The Pew study essentially confirms the claims of most policy analysts outside the government. The war on Iraq has conveyed the impression that the US is determined to exercise force against Arab and Muslim nations more as a revenge for September 11 than as a strategy to prevent more attacks. The problems that Iraqis have faced during the continuing US occupation and the failure to find the huge stockpiles of WMD that Bush and Powell claimed Iraq possessed has hurt American credibility and raised serious questions about its motives and its policy objectives. The continuing chaos in Afghanistan and the post Iraq-war threats to first Syria and then Iran has created a climate of apprehension and resentment against America.

Citizens of Pakistan, America?s primary ally in the war on terror, Nigeria and Indonesia feel that their country is next on the US list. The fear that the US is out to attack other countries makes the global security environment less stable. It discourages cooperation, makes the world unsafe for Americans to travel and do business and radicalizes moderates. It increases the flow of material and moral support to militant groups, weakens and places American allies and pro-democracy intellectuals and groups on the defensive. In general anti-Americanism makes it difficult to promote peace and stability and fight extremism.

Rather than ensuring American security, it seems that American foreign policy, particularly its invasion and now occupation of Iraq, have created conditions which put the US and its interests at greater risk.

President Bush is surrounded by policy hawks that view September 11 as an opportunity to reassert the prerogatives of the American Empire through unilateral use of force. They wish to reshape the world to perpetuate America?s imperial aspirations. Unfortunately for them the world is unwilling to cooperate. The harder they push the more resentment they will generate and the more difficult it will become to save the empire and its interests at minimal costs.

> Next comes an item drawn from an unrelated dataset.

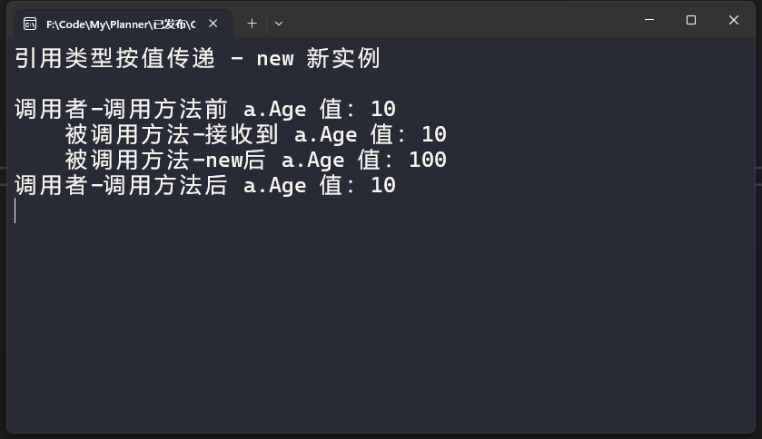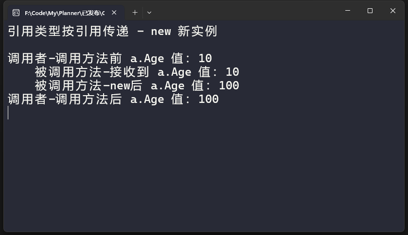 Console.WriteLine($" 被调用方法-new后 a.Age 值:{a.Age}");

It is time to take the world seriously and reassess the tactics that have been employed until now. Perhaps the President may do well to change his foreign policy team as he did with his economic policy team. At the least he must return the foreign policy portfolio to the State Department and insist that the Department of Defense execute, not make foreign policy. The President might also do well to focus on allaying the fears of the global community and reassure them that the US is neither threatening them nor is it going to pursue interests at the expense of everyone else.

It is time the US once gain became the invisible empire, managing the world through multilateralism, diplomacy and leadership and by defining self interest as shared interests. The current strategy of in your face politics is seriously damaging US reputation and alliances and undermining US security.